Nil aciona a descarga. O celular de Danton rodopia dentro do sanitário, mas obviamente não desce pelo encanamento.
– Vamo nessa! – Exclama Nil.
– Peraí, cara, ainda falta limpar a última cabine. – Alerta Pepe.
– Limpar o que, rapá? O que tu acha que vai ter lá dentro?
– Sei lá, cara. Nessa tinha um celular, na outra pode muito bem ter um aparelho de som.
Nil já está saindo do banheiro, e Pepe também vai embora sem verificar a cabine onde Danton está.
– Tu esqueceu a luz acesa. – Adverte Nil.
– É. – Ignora Pepe.
Àquela altura, as lojas já estavam todas fechadas, e a maioria dos corredores com as luzes apagadas. Danton acorda bem machucado e ainda zonzo. Ele se levanta da privada e vai até a pia para limpar o sangue que escorre pelo nariz. Mas a torneira estava com defeito. Agora, aquilo parecia uma afronta pessoal. Danton soca a pia e machuca a mão. Encarando-se no espelho, ele percebe um desenho feito com baton: um jacaré abocanha o pênis de um bonequinho. Seria aquilo um alerta ou premonição? Depois daquela noite de merda, isso não importava. Tudo o que ele queria agora era voltar pra casa e dormir.

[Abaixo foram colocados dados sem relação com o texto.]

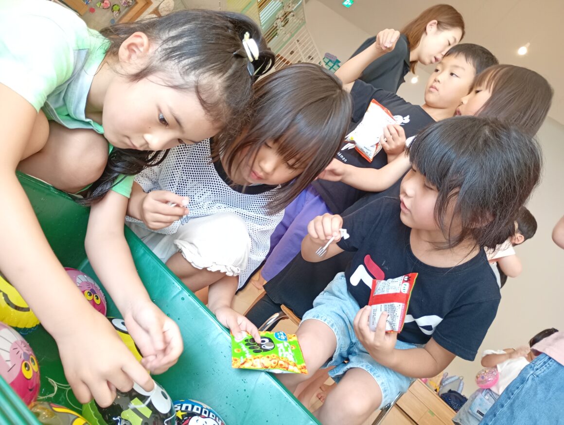 7月16日(火)にホールでお誕生日会がありました。あれあれ、いつも置いてない可愛いトンネルがありますね。今月…

Danton se dirige até a porta do banheiro e gira a maçaneta para tentar abri-la, mas percebe que está trancada. Aquilo já era demais:
– Ah não! Ah não! Alguém pode abrir essa merda! – Grita Danton por um tempo, sem sucesso.
Ele passa as mãos pelo cabelo e dá uma investigada ao redor para procurar outra saída. Nisso, Danton vê seu celular emborcado na privada. Cheio de nojo, ele retira o aparelho dali. A água escorre de dentro do celular, que está visivelmente escangalhado.
– Puta que o pariu… – Lamenta ele, devolvendo o celular de volta à privada.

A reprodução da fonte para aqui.